A delicious Mixed Berry Crisp with plenty of juicy fresh berries and a buttery oat crisp topping. This recipe is a tried and true favorite and could not be easier to make!
Juicy and Delicious Mixed Berry Crisp
A delicious jammy filling made with plenty of fresh berries covered in a buttery oat topping – what could be better?!
Watch How to Make This Recipe
Out of all the fruit crisps out there, this one might be my very favorite. The combination of blackberries, blueberries, and raspberries with fresh lemon juice is really something special.
Serve it with a scoop of creamy vanilla ice cream for the perfect treat!
The Difference Between a Crisp and a Crumble
While crisp and crumbles are very similar, there is a key difference – the presence of oats. Crumbles also have a streusel topping, similar to a crisp, they usually do not contain oats. Crumble toppings also tend to be a bit more dense and cake-like.
Ingredients You’ll Need
Berries: This recipe uses a combination of juicy fresh blueberries, raspberries, and blackberries for the most delicious flavor. This is a great recipe to make in the summer when fresh berries are at their peak!
Arrowroot Starch: This works to thicken the crisp filling a bit and create that delicious jam like texture. Arrowroot starch is used commonly as a grain free replacement for cornstarch. If you do not have arrowroot you can sub cornstarch in its place.

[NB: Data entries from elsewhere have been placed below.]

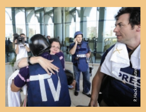
In August, the ICRC evacuated 33 journalists from the Rixos Hotel in Tripoli, Libya and led them to safety. The reporters had been unable to leave the hotel for several days. The ICRC's recognized role as a neutral intermediary enabled it to carry out this operation.

The media of East Asia, Southeast Asia and the Pacific have an important role to play in covering conflict and violence as well as the issues faced by vulnerable groups. At times, reporting on these situations put the media's own safety at risk. Bringing together senior representatives of media organizations from the region, a conference themed "Reporting on Violence and Emergencies" hosted by ICRC aims to advance discussion on best practices related to these topics. The event will also provide a forum to discuss how the media can be influential in limiting the humanitarian consequences of violence and emergencies.
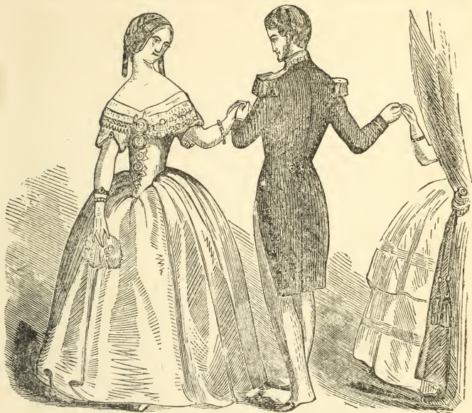
BALANCE FOUR IN A LINE.

After the sets are formed, the dance should in all cases commence with bowing and courtesying, first to partners, then to corners (this is to be done while the first strain of music is played), a strain of music in all cases in this work is understood to be eight bars of music, as most of the changes are performed during that time; but if a double strain of sixteen bars is introduced, it will be marked as two strains, and longer or shorter ones in proportion. In every other number in the set, except the first one, the dancers must rest until the first strain has been played through once; the first strain is then again played, at the commencement of which the first change must be called; then the second strain is played, and the next change is called — then the first strain, again and the next change is called — then the third and the next change is called — then the first again and the next change is called. If the figure commences with the first two or first couple, the above changes must be repeated four times, but if with the first four it must be repeated but twice only. The different changes should be called at the moment the music commences.
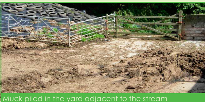
Muck piled in the yard adjacent to the stream

“It’s a shame that there is a financial limit on the grant funding available because on this farm we have only touched the tip of the

Vanilla Extract: A must have ingredient in any good crisp. I recommend half a tablespoon of the good stuff for this recipe.
Lemon Juice and Zest: Berries and lemon are a match made in heaven and this recipe takes things to the next level with the addition of fresh lemon zest. It really helps to highlight the flavor of the berries.
Maple Syrup: To sweeten the filling a bit this recipe uses pure maple syrup. You could also substitute honey if you prefer!
Old Fashioned Oats: Be sure to use certified gluten free old fashioned oats if you need to ensure the recipe is completely gluten free.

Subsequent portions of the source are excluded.